Steelers are hoping to mirror Eagles' full-bore, no-huddle offense
Ben Roethlisberger can't wait to see how the Steelers' no-huddle offense operates road Thursday night in Philadelphia.
He probably will be paying attention to the Eagles, too, because no NFL team is more at home in the no-huddle than coach Chip Kelly's team.
Partly because of Kelly's determination to bring a frenetic pace to the NFL — and also because of the Steelers — the percentage of no-huddle plays in the league nearly doubled from 6.6 percent in 2012 to 12.2 percent last year.
That number is likely to increase this year with teams such as the Browns, Chargers and, yes, the Steelers further embracing the no-huddle. Browns coach Mike Pettine calls it the future of the league.
“It's big for us,” wide receiver Antonio Brown said. “(It's) going to be a key for us this year to get things going fast and catch defenses off-balance and let Ben pick and read his reads, and it gives us the opportunity to play fast.”
Even if not as fast as the Eagles, who ran the no-huddle on 68 percent of their plays last season. Only the Broncos (48 percent) also used it on about half their plays.
But here's the surprise: While all the talk is how the no-huddle is about to become a focal point of the Steelers' offense, that transformation actually took place last season.
After running the no-huddle only 6.5 percent of the time while they started 0-4, the Steelers increased that to about 25 percent the rest of the season. Except for the Eagles and Broncos, only the Baltimore Ravens, Buffalo Bills and Chargers ran the no-huddle more last season than the Steelers.
Roethlisberger's passing attempts out of the shotgun also jumped dramatically, from 262 in 2012 to 441.
Now, after further refining the no-huddle during an offseason in which the Steelers worked on it far more than previous springs, Roethlisberger said it's close to becoming a base offense.
“We practice it all the time,” center Maurkice Pouncey said. “When we're in the no-huddle, guys are locked in and communicating at a high level. It's been very, very good for us, and we've got to keep building on it.”
Versus the Bills on Saturday, Roethlisberger and the starters produced 13 points and 210 yards out of the no-huddle in about 11⁄2 quarters.

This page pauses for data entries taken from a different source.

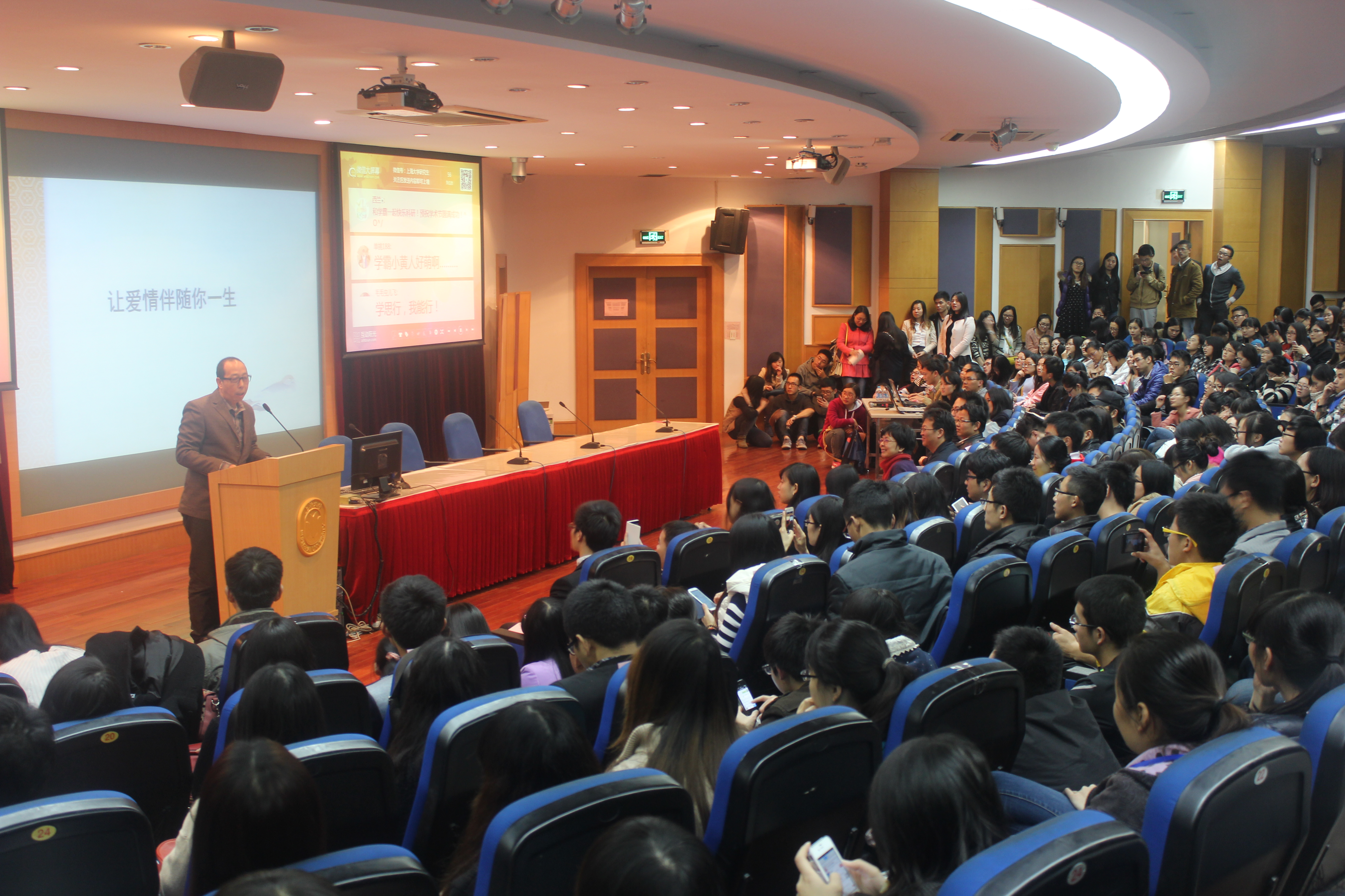 最后,教授着重强调了爱情是需要维护的,并且以自己与妻子之间的故事为例,亲身讲述如何维护爱情。"夫妻之间,争论出谁对谁错有什么用呢?在我眼里,我老婆永远是对的。"教授坚定地说道。这句话再一次掀起了热烈的鼓掌。两个人在一起,就应当相互尊重、信任、体谅,不时还要用赞赏的话语鼓励对方,这样的爱情才会是健康长久的爱情。
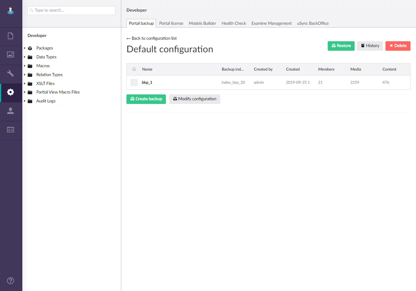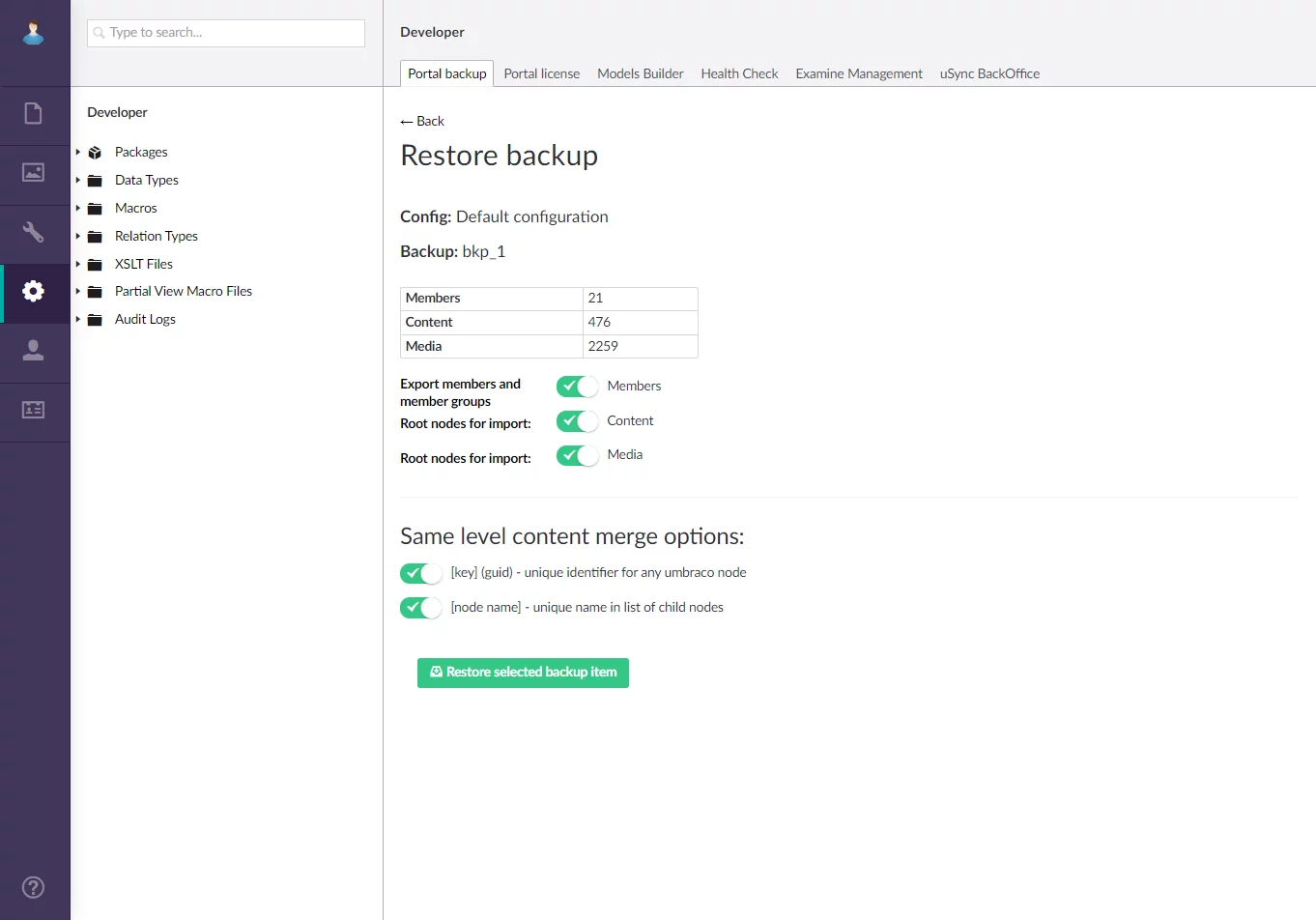 Additionally, Xpand Portal allows merging and expanding configuration when you are restoring configuration from a backup file. Therefore, you can choose how to merge imported data when restoring configuration, in case the configuration structure does not fully coincide: you can choose to overwrite an existing back-end page with a page from the backup file only in case its ID is the same, or its node name is the same, or both its ID and node name are the same as in the backup file.
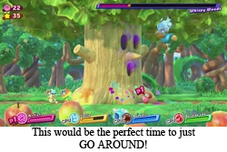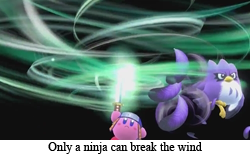 NINJA!We’re going on 26 years of Kirby, and Kirby’s main cast has absolutely not changed with the times. Kirby is the same hungry ‘n heroic puff he has been since day one. King Dedede is a greedy hammerhead of a flightless (kinda) bird (also kinda). Even the freaking tree with a face has been serving the exact same purpose since his introduction as Kirby’s first ever boss. Waddle Dee is Dedede’s minion whether he’s got a bandana or not, and Scarfy is still just as angry about Kirby’s inhalations now decades after that stopped being Kirby’s main offensive maneuver. Link, Samus, and Sonic might explore entirely new universes with every installment, but Kirby’s world has been rigidly defined from his inception.
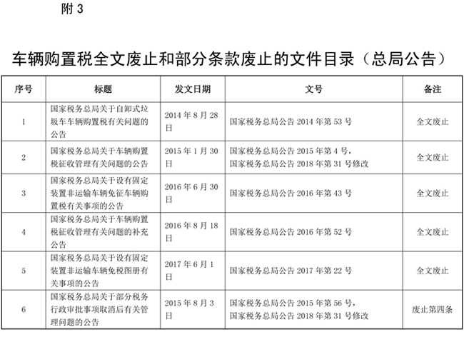 十九、本公告自2019年7月1日起施行。《車輛購(gòu)置稅全文廢止和部分條款廢止的文件目錄》(見附件三)所列文件條款同時(shí)廢止。
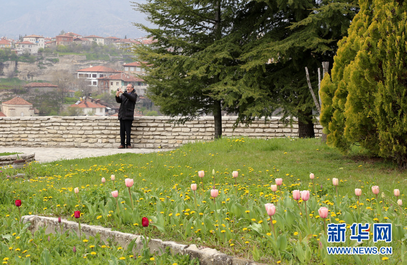 图为一名游客在郁金香盛开的古城观景台,以古城为背景自拍。新华网记者 邹乐 摄
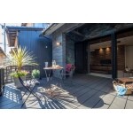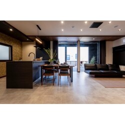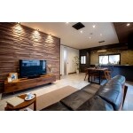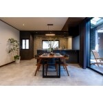 LDKは、ブラックを基調としてスタイリッシュにコーディネートしました。 今回のリフォームでは、老後の介護、車いすでの暮らしを想定したご提案をしております。LDKは、床材に表面強度の高いフロアタイルを採用、空間全体はもちろんウッドデッキまでのアプローチも床の段差をなくしたバリアフリー設計になっています。 天井には、2か所にBluetoothでスマートフォンと連動するスピーカーを設置しました。音楽を楽しみながら寛ぐことができます。
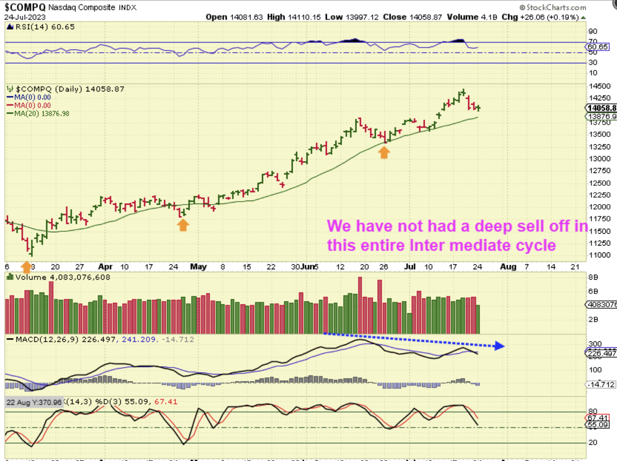 When I look at the entire Intermediate Cycle from March to now, I really do not see a deep dip. This has been a strong steady run. Even the dips into the dcl’s are at or around the 20sma. The NASDAQ peaked on day 16 so far and if that peak remains after the Fed Decision, then this could drop for a couple of weeks into day 30-40 plus, since daily cycles have been running long. That would make this a L.T. Daily.  If it drops for a couple of weeks, it should be a fairly decent drop, because we are due for an ICL in August or September.

The no-huddle not only allows the offense to push the pace, minimize defensive substitutions and keep a rhythm going, it also gives the offense more plays to work with. The Patriots average 6-7 more snaps per game than they did 10 years ago.
Not everybody in the NFL is a convert. The Super Bowl-winning Seahawks ran only 12 no-huddle plays last season.

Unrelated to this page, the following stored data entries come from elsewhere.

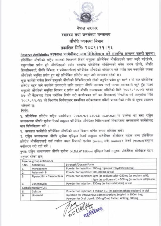 विभागले एक सुचना जारी गर्दै मेरोपेनम, कोलिस्टिन लगायत विभिन्न ६ प्रकारका रिजर्भ ग्रुपका एन्टिबायोटिक औषधिलाई अस्पताल फार्मेसीबाट मात्र बेच्न निर्देशन दिएको हो ।
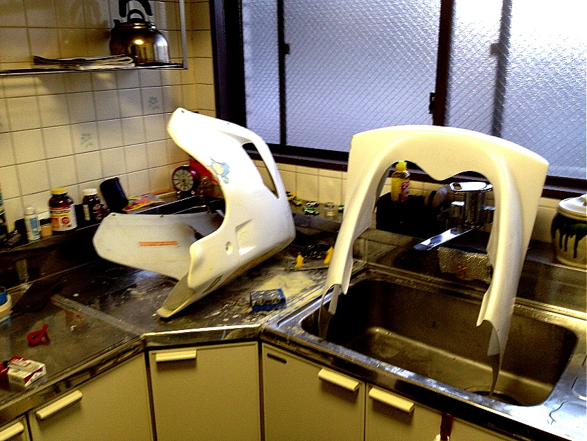 これからカウルを塗るとなると、サフェーサーを塗って研いで、色を載せて研いで、クリアを載せて研いで…と、結構な回数キッチンで同じ作業をするコトになりそうだし、次回からはお風呂で塗装した時と同じ作戦でちゃんと養生しようと、そんな風に思いますf(^_^;)
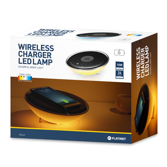 PLATINET LAMPARA LED MESA 7W TIPO BANDEJA + CARGADOR INALAMBRICO QI COLORES TACTIL
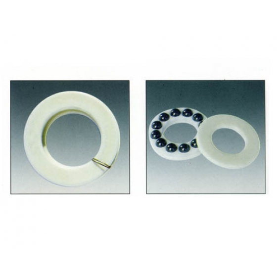 氧化鋯全陶瓷軸承系列: 全陶瓷軸承具抗磁電絕緣、耐磨耐腐蝕、無油自潤滑、耐高溫耐高 寒等特點,可用於極度惡劣環境及特殊狀況。套圈及滾動體採用氧 化鋯(ZrO2)陶瓷材料,保持器使用聚四氟乙烯(PTEE)作為標準 配置,一般也可使用玻璃纖維增強的尼龍66(GRPA66-25),特種工 程塑材(PEEK,PI),不銹鋼(AISI SUS316、SUS304),黃銅(Cu )等。 a. 推力球軸承
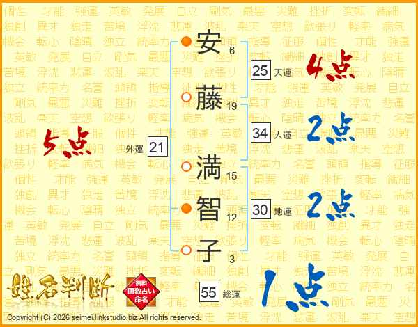 安(6画)藤(19画) 満(15画)智(12画)子(3画)
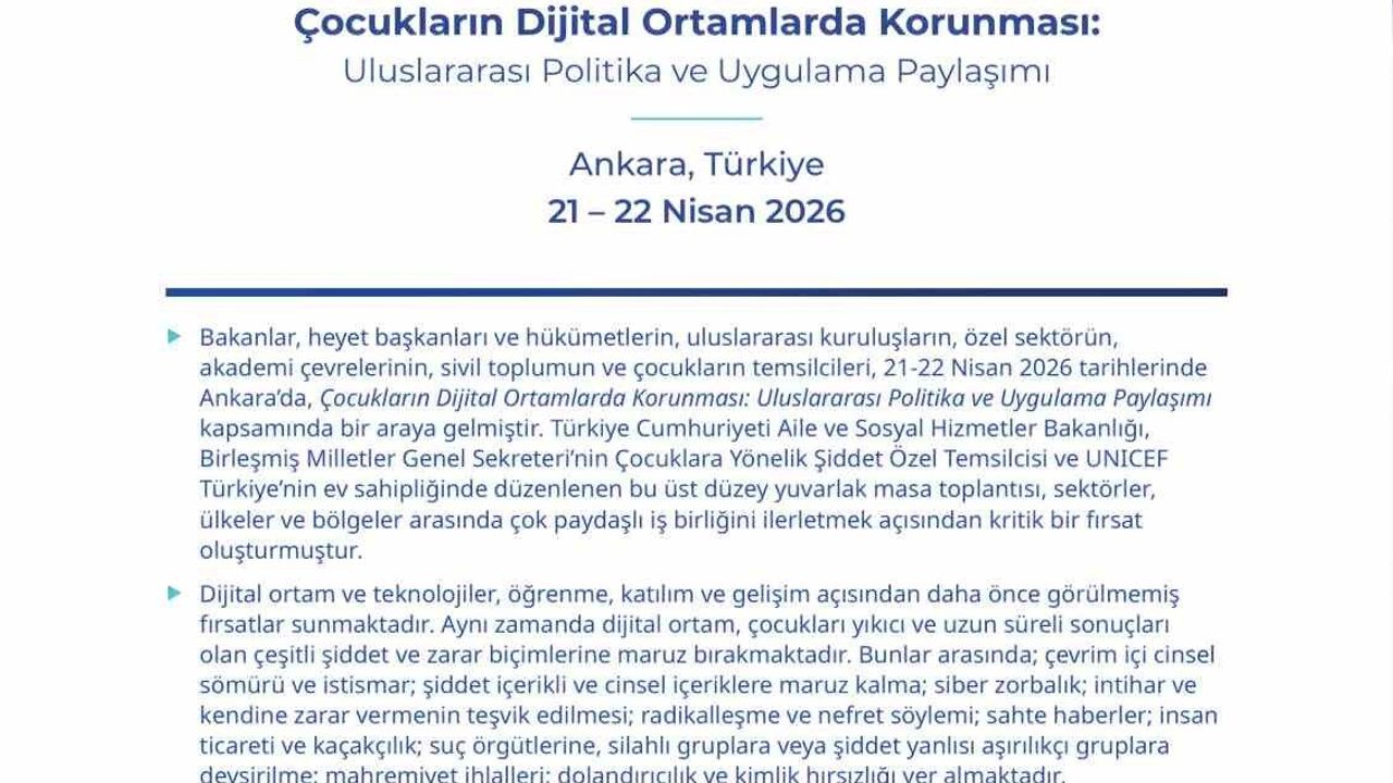 Aile ve Sosyal Hizmetler Bakanlığı ev sahipliğinde Birleşmiş Milletler Çocuk Fonu (UNICEF) ve Birleşmiş Milletler (BM) Genel Sekreteri Çocuklara Yönelik Şiddet Özel Temsilciliği iş birliğiyle 'Çocukların Dijital Ortamlarda Korunmasına İlişkin Uluslararası Politika ve Uygulama Paylaşımı' programı 21-22 Nisan'da gerçekleştirildi.
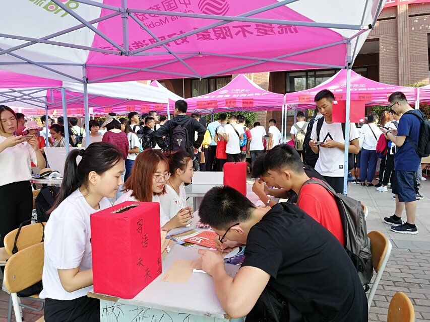 特色迎新,亮点纷呈。设置党员先锋岗,迎新送温暖。jinnianhui今年会在迎新现场设置了党员服务区、党员先锋岗,全体党员佩戴党徽,亮明身份,开展志愿服务活动。在家长休息区,学生党员为新生家长递上一杯水,道一声“家长,您辛苦了”;在党员先锋岗处,开展了寄语未来主题活动,学生在明信片上或写下自己的心愿,或写下未来四年的规划,家长则纷纷写下对孩子的寄语和殷切的期盼。此次活动给同学们提供了一个与未来对话的机会,以独特的方式保存下参与者对未来的期许,由辅导员老师保存并于四年后学生毕业时还给学生本人,时刻提醒学生不忘初心,砥砺前行。

Steelers running back LeGarrette Blount played for Kelly at Oregon, and he's not surprised the system is dynamically reshaping how the NFL plays.
“If he's got it rolling, he's not going to stop,” Blount said. “He's going to keep on letting his offense play.
“He gave Shady McCoy a career high in rushing last year, Nick Foles only threw two picks, DeSean Jackson had his best year. The offense, that's what it does for you.”
Outside linebacker Jarvis Jones and the rest of the defensive starters figure to play at least a half against Kelly's no-huddle, which produced 63 points in the Eagles' first two preseason games.
“They run a lot of plays. They get a lot of plays in,” Jones said. “They're snapping the ball, so you can see the referee just running out of the film and (already) the ball's coming out.
“They tried to draw up rules in college football to slow them, with (Alabama) coach (Nick) Saban and everything, and it didn't happen, so coach Chip brought it straight to the NFL.”
Now Todd Haley and Roethlisberger are bringing it to Pittsburgh, and it's quite unlike any offense the Steelers have seen before.